Вот почему 21 октября 1789 года был принят «Закон о военном положении». Новый закон описывал действия парижского муниципалитета. Действия, обязательные в чрезвычайных ситуациях, чреватых восстаниями. Или же уличными беспорядками, создающими угрозу революционному правительству.

Статья 1 нового закона гласила:

В случае угрозы общественному спокойствию члены муниципалитета в силу обязанностей, возложенных на них коммуной, должны объявить, что для восстановления спокойствия немедленно необходима военная сила,

Нужный сигнал был описан в статье 2. Она гласила:

Это извещение совершается таким способом, что из главного окна ратуши и на улицах вывешивается красное знамя.

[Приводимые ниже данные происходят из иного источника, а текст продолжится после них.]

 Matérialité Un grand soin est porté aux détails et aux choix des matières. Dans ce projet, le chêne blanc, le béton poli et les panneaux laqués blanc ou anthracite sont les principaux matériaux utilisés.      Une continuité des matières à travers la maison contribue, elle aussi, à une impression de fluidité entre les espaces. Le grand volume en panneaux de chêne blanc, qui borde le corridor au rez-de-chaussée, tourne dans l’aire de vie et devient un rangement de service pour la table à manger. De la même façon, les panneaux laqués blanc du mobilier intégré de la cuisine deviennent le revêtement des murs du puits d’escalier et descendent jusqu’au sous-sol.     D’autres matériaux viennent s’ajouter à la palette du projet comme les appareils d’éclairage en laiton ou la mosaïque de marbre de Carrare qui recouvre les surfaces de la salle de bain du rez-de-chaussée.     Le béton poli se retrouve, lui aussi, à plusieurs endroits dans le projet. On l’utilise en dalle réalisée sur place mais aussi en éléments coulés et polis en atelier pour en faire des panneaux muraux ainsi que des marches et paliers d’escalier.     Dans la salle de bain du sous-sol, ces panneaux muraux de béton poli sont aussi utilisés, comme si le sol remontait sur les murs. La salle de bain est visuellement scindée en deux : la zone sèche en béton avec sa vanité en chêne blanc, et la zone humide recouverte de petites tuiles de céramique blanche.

Дальнейшее определялось статьей 3:

Когда красное знамя вывешено, всякие скопления народа, вооруженные или невооруженные, признаются преступными и разгоняются военной силой.

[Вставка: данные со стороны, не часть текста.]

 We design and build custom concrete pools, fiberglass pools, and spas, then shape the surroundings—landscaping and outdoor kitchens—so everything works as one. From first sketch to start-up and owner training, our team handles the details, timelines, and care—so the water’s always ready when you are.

Можно отметить, что в данном случае «красное знамя» – по сути еще не знамя. Пока лишь знак. Сигнал опасности, подаваемый флагом красного цвета. Знак угрозы новому порядку. Тому, что был назван революционным. Сигнал, призывающий к защите порядка на улицах.

Но красный флаг недолго оставался сигналом, призывающим защитить хоть какой-то порядок. Вскоре в городском самоуправлении Парижа доминировать стали отчаянные радикалы. Принципиальные и последовательные противники монархии. Даже и конституционной монархии. Благодаря их стараниям, красный флаг обрел новое значение.

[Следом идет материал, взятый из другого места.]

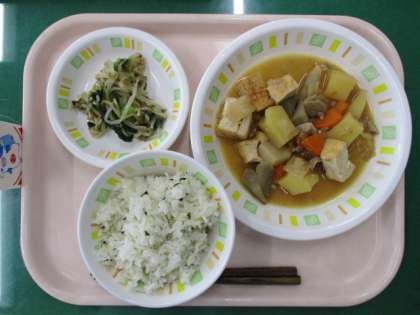 今日の給食は、菜めし、五目うま煮、野菜ののりあえ、牛乳です。今日は、七分付き米を使いました。七分付き米とは、玄米から「ぬか」と「胚芽」を7割取り除いたものです。精白米に比べ、食物繊維やビタミン、ミネラルが豊富に含まれています。玄米よりも食べやすく、言われなければいつものお米との違いに気がつきにくいかもしれません。

Вывешивая красные флаги, городское самоуправление собирало своих сторонников для проведения акций насильственных. Акций, которые должны были устрашить сторонников короля и всех, кто был против радикальных изменений.

Под красными флагами собирались вооруженные санкюлоты. Именно под красным флагом в августе 1792 года отряды санкюлотов, организованные тогдашним городским самоуправлением, шли на штурм Тюильри. Вот тогда красный флаг стал действительно знаменем. Знаменем бескомпромиссных республиканцев. Радикалов. Красное знамя и белое знамя стали символами противоборствующих сторон. Республиканцев и монархистов.

Позже, как известно, красное знамя уже не было столь популярным. Государственным флагом Республики стал французский триколор. В наполеоновскую эпоху о красном знамени почти забыли. А после реставрации монархии оно – в качестве символа – и вовсе утратило актуальность.

Символ этот актуализировался в 1840-е годы. Актуализировался для тех, кто объявил себя наследниками якобинцев. Тогда противопоставление «красных» и «белых» стало общим местом публицистики.

Но французская революция 1848 года завершилась очередной реставрацией монархии. Потому противопоставление «красных» и «белых» опять утратило актуальность.

Вновь оппозиция «красные»/»белые» возникла на исходе франко-прусской войны. Окончательно же она утвердилась с марта по май 1871 года, в период существования Парижской коммуны.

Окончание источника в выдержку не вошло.